The first thing which struck him in this paddock was a door of the sixteenth century, which here simulates an arcade, everything else having fallen prostrate around it. A monumental aspect often has its birth in ruin. In a wall near the arcade opens another arched door, of the time of Henry IV., permitting a glimpse of the trees of an orchard; beside this door, a manure-hole, some pickaxes, some shovels, some carts, an old well, with its flagstone and its iron reel, a chicken jumping, and a turkey spreading its tail, a chapel surmounted by a small bell-tower, a blossoming pear-tree trained in espalier against the wall of the chapel--behold the court, the conquest of which was one of Napoleon's dreams. This corner of earth, could he but have seized it, would, perhaps, have given him the world likewise. Chickens are scattering its dust abroad with their beaks. A growl is audible; it is a huge dog, who shows his teeth and replaces the English.

The English behaved admirably there. Cooke's four companies of guards there held out for seven hours against the fury of an army.
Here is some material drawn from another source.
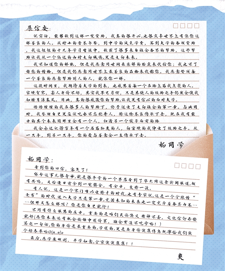 一位名叫葉珺的女生,看到江西勵志女孩佳琦的報道后,給這位千里之外素未謀面的“妹妹”寫了一封信,“我本來不輕易跟別人說自己的經(jīng)歷,但是看到佳琦的情況后特別感同身受,我覺得將自己的心聲傳達給這個小妹妹很有意義?!?/p>

Hougomont viewed on the map, as a geometrical plan, comprising buildings and enclosures, presents a sort of irregular rectangle, one angle of which is nicked out. It is this angle which contains the southern door, guarded by this wall, which commands it only a gun's length away. Hougomont has two doors,--the southern door, that of the chateau; and the northern door, belonging to the farm. Napoleon sent his brother Jerome against Hougomont; the divisions of Foy, Guilleminot, and Bachelu hurled themselves against it; nearly the entire corps of Reille was employed against it, and miscarried; Kellermann's balls were exhausted on this heroic section of wall. Bauduin's brigade was not strong enough to force Hougomont on the north, and the brigade of Soye could not do more than effect the beginning of a breach on the south, but without taking it.

The farm buildings border the courtyard on the south. A bit of the north door, broken by the French, hangs suspended to the wall. It consists of four planks nailed to two cross-beams, on which the scars of the attack are visible.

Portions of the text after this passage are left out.